DATA RECORDS:
━━━━━━━━
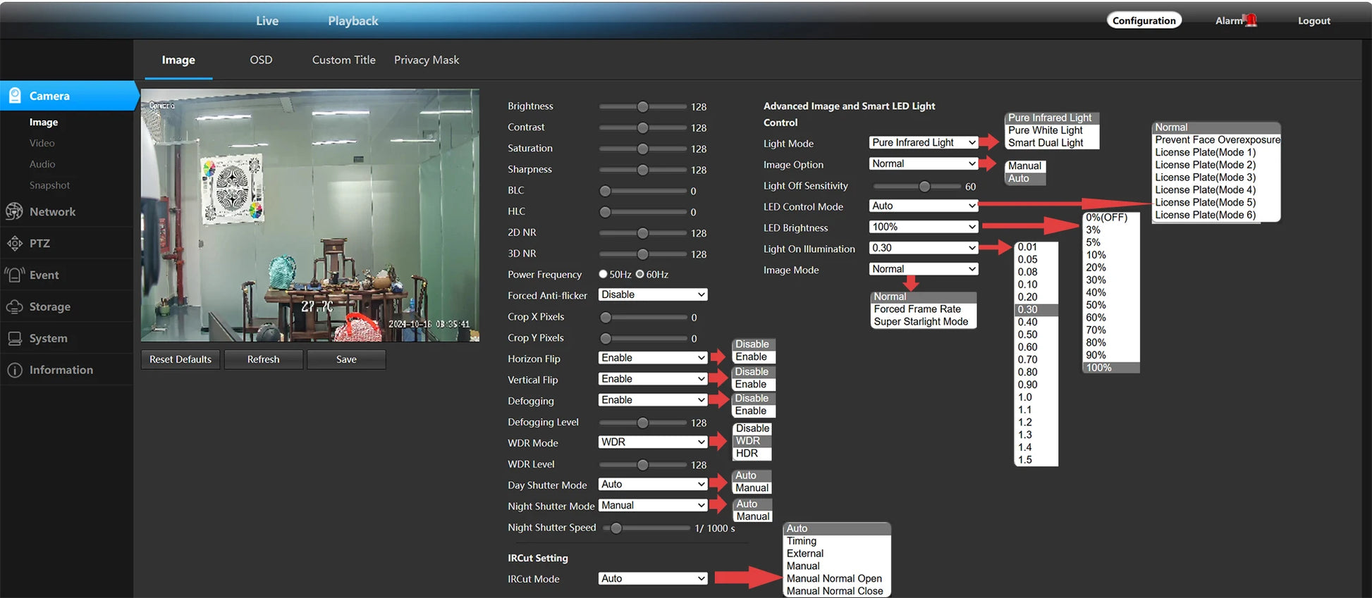 Admite brillo, contraste, saturación, nitidez, BLC, HLC, reducción de ruido 2D, reducción de ruido 3D, frecuencia de alimentación, antiparpadeo forzado, inversión de horizontal, inversión de vertical, desempañador, modo de obturador diurno y modo de obturador nocturno. |
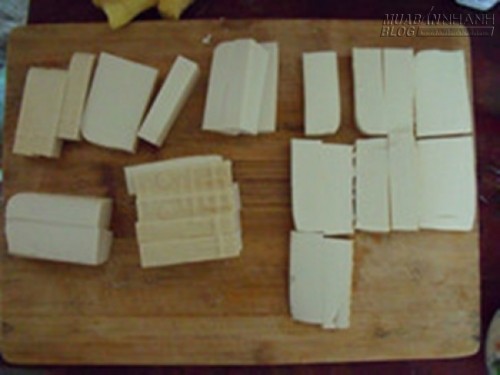 Bước 2: Đậu hũ cắt nhỏ thành thanh, chú ý tránh để bị nát
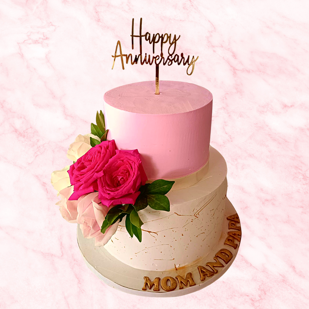 Celebrate your parents' enduring love with a timeless and elegant cake in Enduring Love Blooms: A Classic Two-Tier Anniversary Cake for Mom & Dad! This beautiful two-tier cake features a simple design adorned with roses, creating a heartfelt centerpiece for their special day.
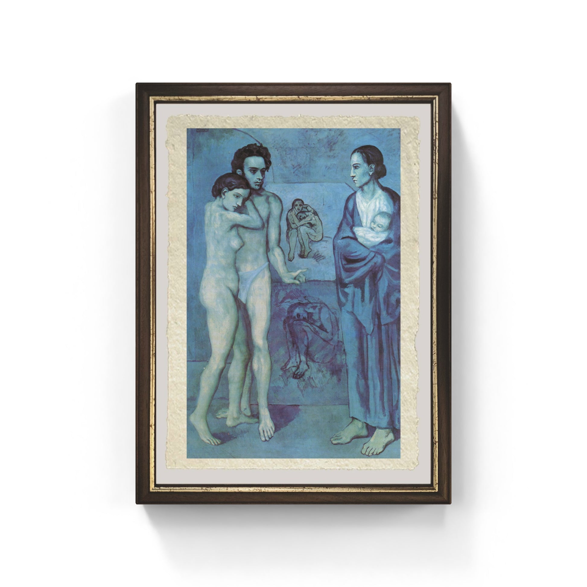 Una giovane donna nuda e un bambino creano un forte contrasto con la figura maschile pensosa e distaccata. Sullo sfondo, due quadri nel quadro aggiungono livelli di significato legati alla fragilità della vita, al conflitto interiore e al rapporto tra amore, sofferenza e destino. La Vie rappresenta una meditazione sulla condizione umana, manifestando una profonda sensibilità psicologica che definisce l’intera fase blu dell’artista.
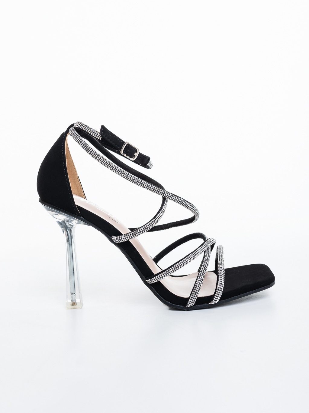 Sandale dama cu toc negre din material textil Latena - Alege ce ti se potriveste si remarca-te
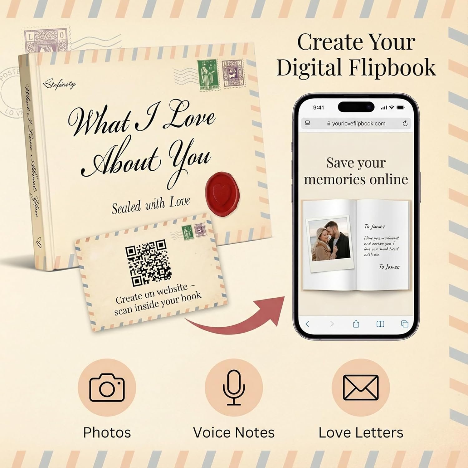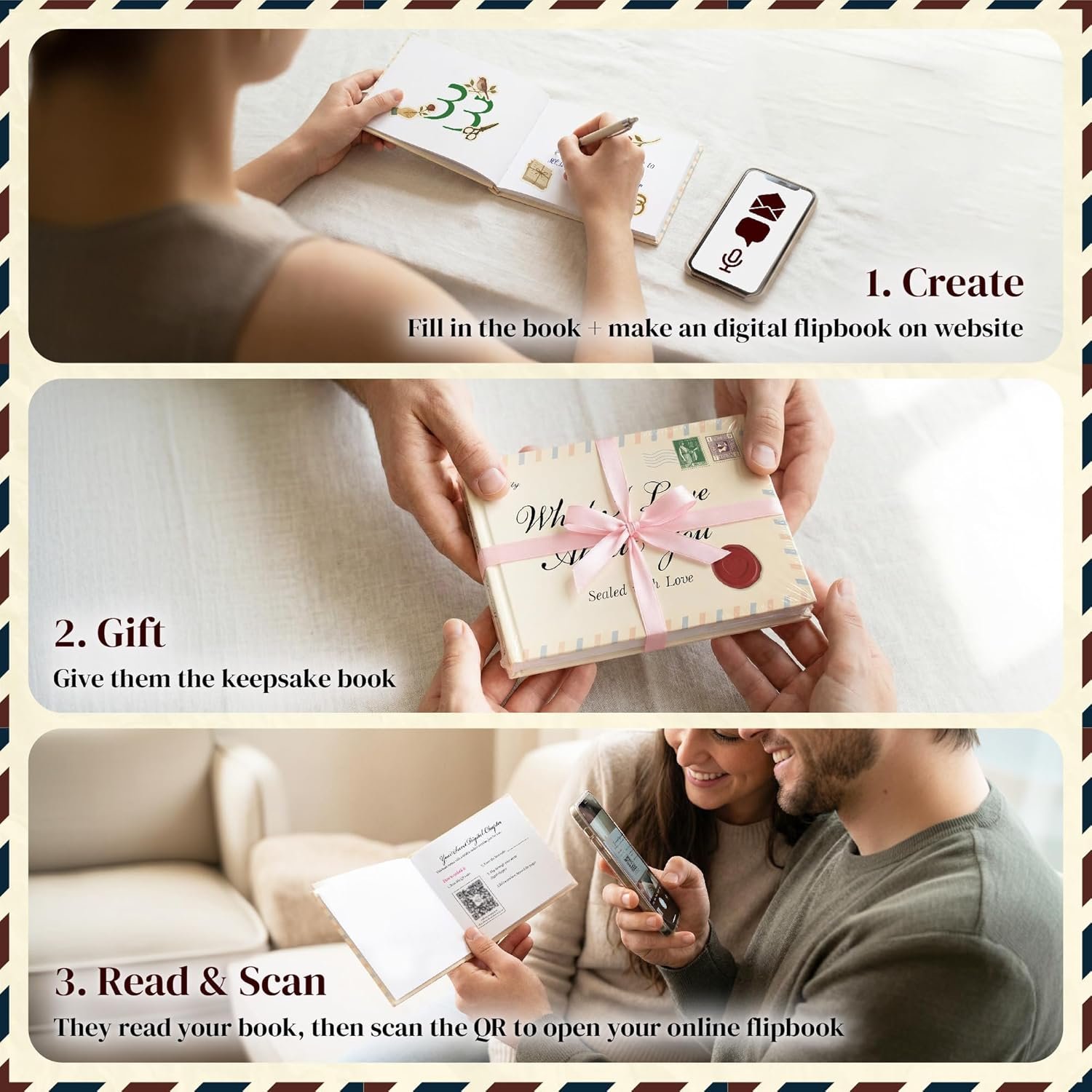 HOW IT WORKS: Complete the prompts in the physical book, then scan the code to create your digital flipbook on our website-no account or app required. When they receive the romantic gifts, they can enjoy your handwritten pages and scan the same code to view the extra photos, letters, and voice notes online.
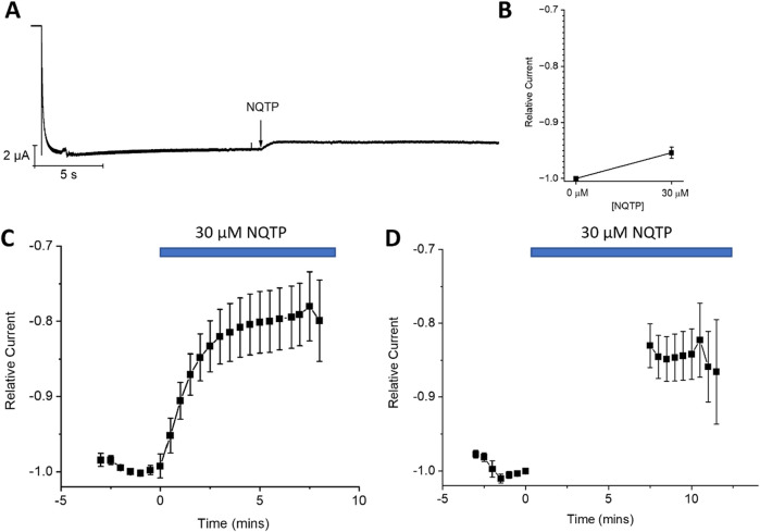Figure 7. State-dependence of norquetiapine (NQTP) inhibition of HCN1 channels. (A) Open-state block was assessed by a prolonged activation step to −130 mV and applying 30 µM NQTP at steady-state. (B) Relative current (INQTP/Icontrol) to be 0.95 ± 0.01 following NQTP treatment (n = 5; P < 0.05). (C) Closed-state block was assessed using a repetitive −130 mV/+30 mV pulse protocol every 30 s 30 μM NQTP was applied after the stabilization of HCN1 currents, and resulted in a decrease of current by 20.4% ± 1.1% (n = 7). (D) When the repetitive protocol is interrupted and cells are held at VH = −10 mV for 7.5 min during the application of NQTP the amount of inhibition that is induced is 15.8% ± 0.7% (n = 9) indicating NQTP is a closed state blocker of HCN1.
━━━━━━━━
ACTIVITY:
Restate the entries verbatim and exclude any pictures.

TASK RESPONSE:
 Admite brillo, contraste, saturación, nitidez, BLC, HLC, reducción de ruido 2D, reducción de ruido 3D, frecuencia de alimentación, antiparpadeo forzado, inversión de horizontal, inversión de vertical, desempañador, modo de obturador diurno y modo de obturador nocturno. |
 Bước 2: Đậu hũ cắt nhỏ thành thanh, chú ý tránh để bị nát
 Celebrate your parents' enduring love with a timeless and elegant cake in Enduring Love Blooms: A Classic Two-Tier Anniversary Cake for Mom & Dad! This beautiful two-tier cake features a simple design adorned with roses, creating a heartfelt centerpiece for their special day.
 Una giovane donna nuda e un bambino creano un forte contrasto con la figura maschile pensosa e distaccata. Sullo sfondo, due quadri nel quadro aggiungono livelli di significato legati alla fragilità della vita, al conflitto interiore e al rapporto tra amore, sofferenza e destino. La Vie rappresenta una meditazione sulla condizione umana, manifestando una profonda sensibilità psicologica che definisce l’intera fase blu dell’artista.
 Sandale dama cu toc negre din material textil Latena - Alege ce ti se potriveste si remarca-te
 HOW IT WORKS: Complete the prompts in the physical book, then scan the code to create your digital flipbook on our website-no account or app required. When they receive the romantic gifts, they can enjoy your handwritten pages and scan the same code to view the extra photos, letters, and voice notes online.
Figure 7. State-dependence of norquetiapine (NQTP) inhibition of HCN1 channels. (A) Open-state block was assessed by a prolonged activation step to −130 mV and applying 30 µM NQTP at steady-state. (B) Relative current (INQTP/Icontrol) to be 0.95 ± 0.01 following NQTP treatment (n = 5; P < 0.05). (C) Closed-state block was assessed using a repetitive −130 mV/+30 mV pulse protocol every 30 s 30 μM NQTP was applied after the stabilization of HCN1 currents, and resulted in a decrease of current by 20.4% ± 1.1% (n = 7). (D) When the repetitive protocol is interrupted and cells are held at VH = −10 mV for 7.5 min during the application of NQTP the amount of inhibition that is induced is 15.8% ± 0.7% (n = 9) indicating NQTP is a closed state blocker of HCN1.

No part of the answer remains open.